Der Interkulturelle Tag des Schweinfurter Oberlandes in Thundorf richtete den Blick mit seinem vielseitigen Programm auf den Reichtum anderer Kulturen. Wie bei vielen Veranstaltungen, so kam auch das Flüchtlingsthema zur Sprache. Die Allianz "Schweinfurter Oberland" lud auch unter diesem Gesichtspunkt ein.


Wurzeln und Heimatländer

Einige hundert Einwohner in der Region, so eine Aufzeichnung, stammen aus den unterschiedlichsten Ländern, sei es aus Europa, Asien, Afrika oder Amerika. Diese außergewöhnliche kulturelle Vielfalt und Reichhaltigkeit gilt es zu entdecken. Jährlich rotierend, findet diese Veranstaltung in einer anderen Gemeinde des Schweinfurter Oberlandes statt, um die Wurzeln und Heimatländer der Zuzügler der Bürgern vor Ort näherzubringen.

Der fünfte Interkulturelle Tag fand in diesem Jahr in der Sprechergemeinde Thundorf statt, Bürgermeister Egon Klöffel stellte zum einen die Gemeinde, und zum anderen die Wichtigkeit dieser Veranstaltung heraus. "Es ist für Thundorf eine Ehre, Ausrichter dieser Veranstaltung zu ein", so Klöffel.
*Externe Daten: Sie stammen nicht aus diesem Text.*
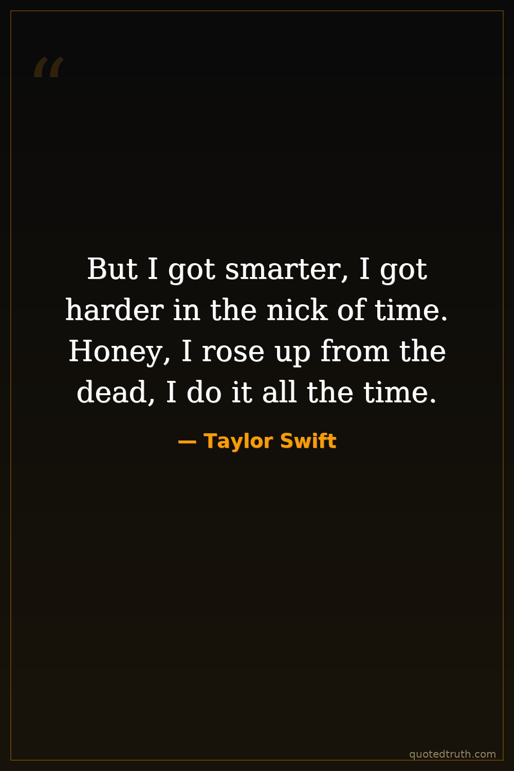 But I got smarter, I got harder in the nick of time. Honey, I rose up from the dead, I do it all the time.

Zu jeder vollen Stunde wurden auf der Bühne in der neuen Festhalle Beiträge, Vorträge, Gesangsdarbietungen und weitere Aktionen mit Herz und Schwung geboten.


Wanderausstellung

Was es heißt, die Heimat zu verlassen und in einer zweiten Heimat sesshaft zu werden, das präsentierte die Landsmannschaft der Deutschen aus Russland mit ihrer Wanderausstellung "Deutsche aus Russland - Geschichte und Gegenwart". Anna Ebel, zeigte in ihrem Vortrag "Durch Wälder und Täler zweier Kontinente" das Leben ihres Mannes auf, und zusammen mit Albina Baumann stellten beide das wechselvolle Schicksal der Russlanddeutschen vor.
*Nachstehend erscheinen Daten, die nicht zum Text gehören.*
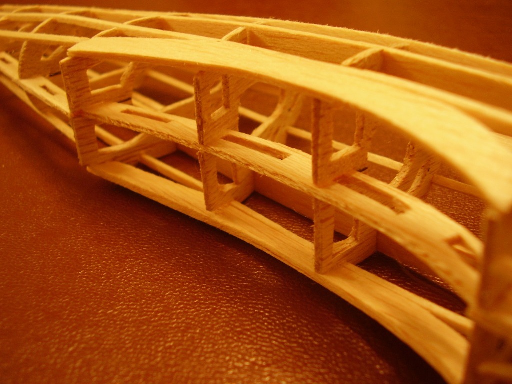 | John Cooper | 08-Oct-09 08:35 | | Removing balsa from a Guillows model always helps. These models are so robust that you can actually remove alot more balsa. I suggest cutting the longeron, with the square holes in it, down to half its thickness or less. You can also safely trim down the thick side longeron by half. Basically almost all the model wood can be trimmed to half thickness. |

Trommelrhythmen, Indianische Gesänge und Tanzeinheiten, mit diesen typisch indianischen Traditionen brachten Johnny Scott (53) und seine Tochter Christin-Shelley Scott (22) ein Stück altes Amerika nach Thundorf. Scott vermittelte viele kulturelle Eindrücke, sowohl aus dem Stamm der Picuris Apachen im US-Bundesstaat New-Mexico, aus dem Johnny Scott stammt, als auch aus anderen Indianerstämmen. In Thundorf ist der Apache bestens bekannt, wohnte er und seine Familie neuneinhalb Jahre hier.
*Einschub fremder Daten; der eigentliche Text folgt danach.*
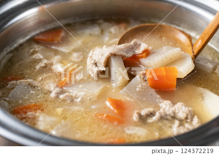 豚汁を掬う

Wie wichtig eine solche Veranstaltung in der heutigen Zeit ist, wo Ängste angesichts des Reichtums anderer Kulturen abgebaut werden, wurde den Kindern und auch Erwachsenen im Pfarrheim durch buddhistische Meditationen dargeboten. Michael Holzhofer tauchte dabei in ganz andere Welten ein, während Lisa Zimmermann aus Sulzdorf einen Filmbeitrag Indien vorstellte. Ein weiterer Film mit dem Titel "Tanz mit mir" wurde von Albina Baumann als fiktive Dokumentation angesagt. Es war einerseits ein Liebes- und andererseits ein Heimatfilm mit einem Dreipersonenhaushalt, der die Indikation der Russen in Deutschland widerspiegelt.

Wie bereits in den Vorjahren schon dabei, sang der Chor "Injili" aus Wetzhausen kirchliche Lieder, begleitet auf Suaheli mit Trommeln und Rasseln. Der Chor wurde 2004 von Pfarrer Mwanga Ole Ndoponoi und seiner Ehefrau Jennifer, die damals in Oberlauringen waren, gegründet. Den Blick über die französische Grenze öffnete das Partnerkomitee Maßbach-Cingal, das den französischen Ort in der Normandie vorstellte. Es wirkte auch das "Kinderhaus Unterm Regenbogen" Thundorf mit einem Tanz und Liedbeitrag mit. Im Kindergarten wurde ein Kinderprogramm, mit Märchenerzählungen von Lydia Balandin, Mandals und Orgami durch Kristina Hafenrichter, Kinderschminken mit Felicita Buttler und Dartspiele, angeboten. Brigitte Stich ging auf "Friedrich Rückert", der im nahen Oberlauringen einst gewohnt hat, ein.


Rückert international

Von Rückert war auch das Gedicht "Rumi", das von Kristina Hafenrichten in deutsch, Albina Baumann in russisch und von Monika Fichtner in ungarisch vorgetragen wurde. Auch das Essensangebot war international und vielfältig.